Un témoignage d’une anthropologue au sujet d’un sanghyang à Sukawati
Dans son ouvrage anthropologique World Dance Cultures, From Ritual to Spectacle, Patricia Beaman relate l’expérience d’une chercheur indonésienne, Belo, qui faisait partie de l’équipe anthropologique de Margaret Mead et Gregory Bateson dans les années 1930. Cette dernière a fait des recherches sur le sanghyang dedari à Bali. Dans son livre, Trance in Bali, elle a été témoin du pouvoir d’un sanghyang à Njawat. Elle décrit l’histoire de deux partenaires sanghyang, Tjibloek et Renoe. Belo raconte :
« Une fois, une danseuse sanghyang se produisait à Sukawati. Elle s’est arrêtée et s’est assise… et a fait signe qu’elle voulait être transportée dans une certaine direction… Les villageois l’ont emmené et rencontrèrent bientôt une seconde procession portant une sanghyang d’un autre village. Les deux sanghyang se sont rencontrées et, bien qu’elles ne se soient jamais croisé ni même jamais dansé ensemble auparavant, elles se mirent à danser à l’unisson comme deux legongs. »

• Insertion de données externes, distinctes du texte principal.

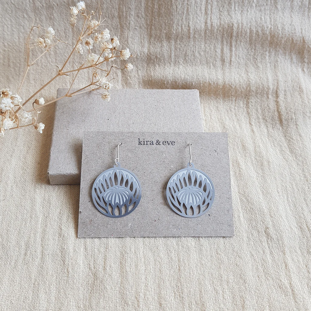 Made from premium quality stainless steel, our Protea Earrings feature both cut through and etched components within its design, bringing focus to the centre of the flower. These lovely lightweight earrings feature sterling silver earring hooks and findings.

Ce récit de deux sanghyang qui se rencontrent pour la première fois et dansent d’une manière presque identique nous amène à nous demander ce qui est acquis et ce qui est inné. Les Balinais demanderont : qu’est-ce qui est de ce monde et qu’est-ce qui est divin ? Selon le rite Balinais, puisque le petit corps mortel d’une sanghyang sert d’hôte aux divinités, les royaumes terrestre et céleste s’unissent dans une danse divine de purification.